- _WHAT YOU ARE ASKED TO DO_
The copy should hold exactly the lines below from the one that contains "広々としたベッドルーム、キングサイズダブルベッドに1人悠々と眠る最高の贅沢です ![]() 窓からの眺めも最高です" through the one that contains "生徒指導部の先生から冬休みの生活についての話があり、全校集会は" and nothing else, so no pictures.

- _PROVIDED DATA_
- Opening Delimiter -

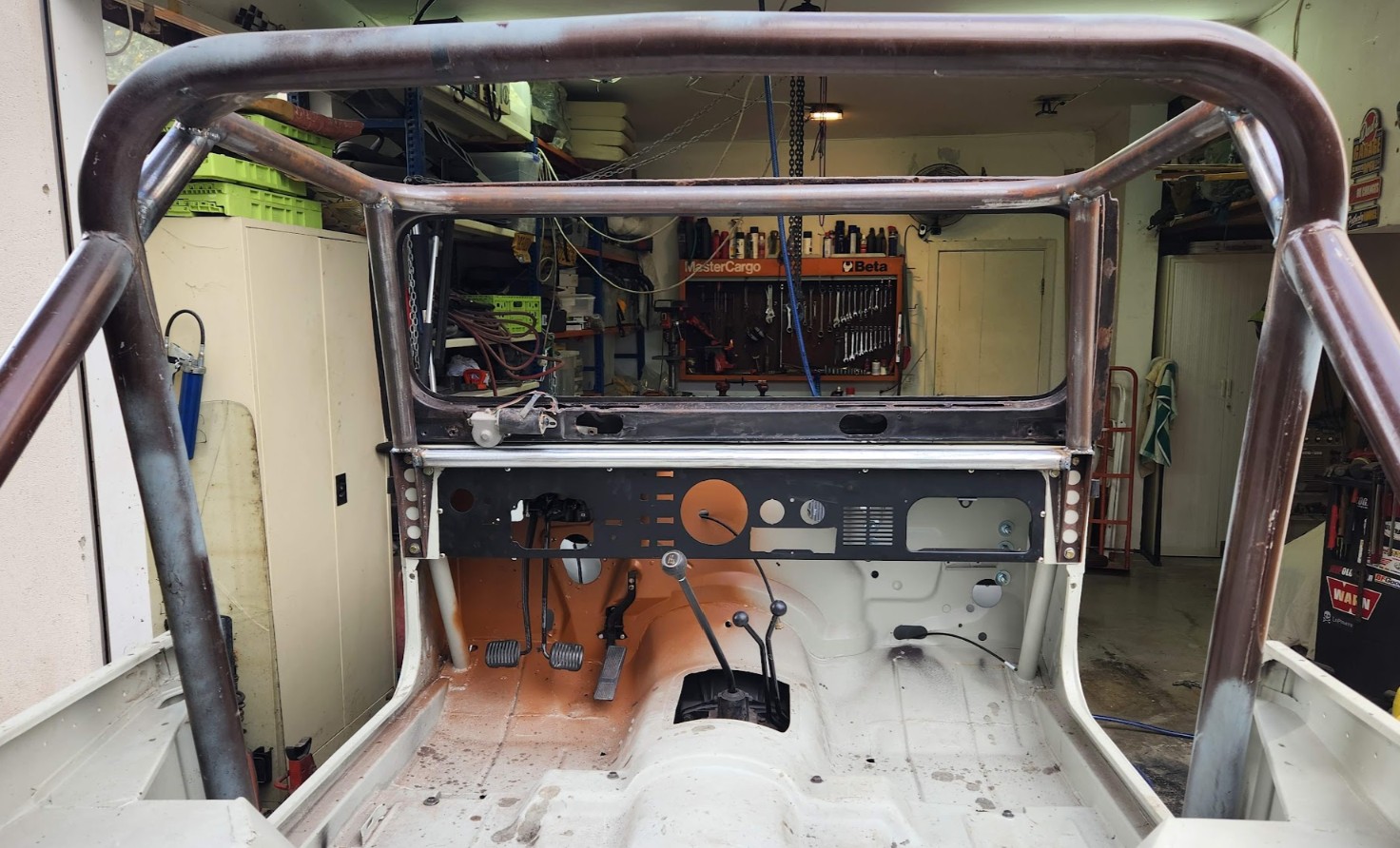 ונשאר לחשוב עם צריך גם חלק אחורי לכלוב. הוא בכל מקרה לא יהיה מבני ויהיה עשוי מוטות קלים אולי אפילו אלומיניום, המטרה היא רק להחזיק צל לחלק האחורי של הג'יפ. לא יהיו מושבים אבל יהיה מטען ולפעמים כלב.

- Closing Delimiter -
- Opening Delimiter -

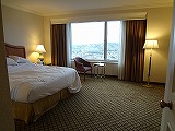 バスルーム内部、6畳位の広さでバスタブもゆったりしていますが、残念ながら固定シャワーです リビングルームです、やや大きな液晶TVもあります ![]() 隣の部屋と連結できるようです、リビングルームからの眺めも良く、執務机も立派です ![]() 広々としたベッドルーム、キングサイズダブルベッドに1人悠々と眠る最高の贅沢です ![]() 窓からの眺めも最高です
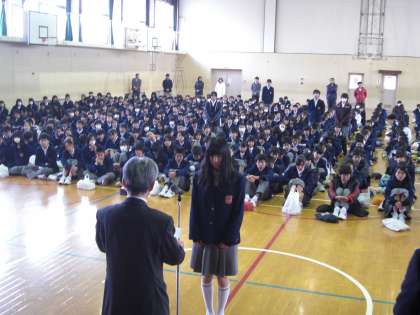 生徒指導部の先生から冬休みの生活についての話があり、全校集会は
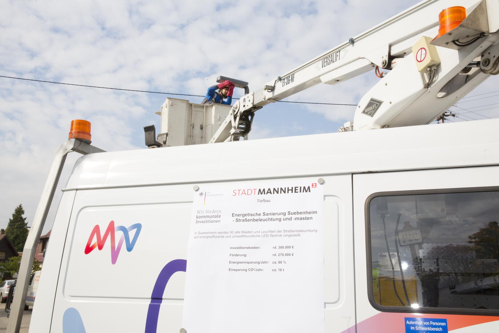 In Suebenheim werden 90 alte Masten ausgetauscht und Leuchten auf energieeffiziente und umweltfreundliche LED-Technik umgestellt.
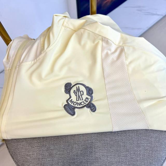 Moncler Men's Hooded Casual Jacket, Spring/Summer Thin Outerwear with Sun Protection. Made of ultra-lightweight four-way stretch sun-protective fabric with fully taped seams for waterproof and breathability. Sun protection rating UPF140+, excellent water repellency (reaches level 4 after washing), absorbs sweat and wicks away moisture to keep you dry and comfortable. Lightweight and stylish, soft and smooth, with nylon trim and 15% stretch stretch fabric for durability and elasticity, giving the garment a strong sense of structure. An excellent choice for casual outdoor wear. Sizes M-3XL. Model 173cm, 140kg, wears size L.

- Closing Delimiter -

- _EXERCISE RESPONSE_
 バスルーム内部、6畳位の広さでバスタブもゆったりしていますが、残念ながら固定シャワーです リビングルームです、やや大きな液晶TVもあります ![]() 隣の部屋と連結できるようです、リビングルームからの眺めも良く、執務机も立派です ![]() 広々としたベッドルーム、キングサイズダブルベッドに1人悠々と眠る最高の贅沢です ![]() 窓からの眺めも最高です
 生徒指導部の先生から冬休みの生活についての話があり、全校集会は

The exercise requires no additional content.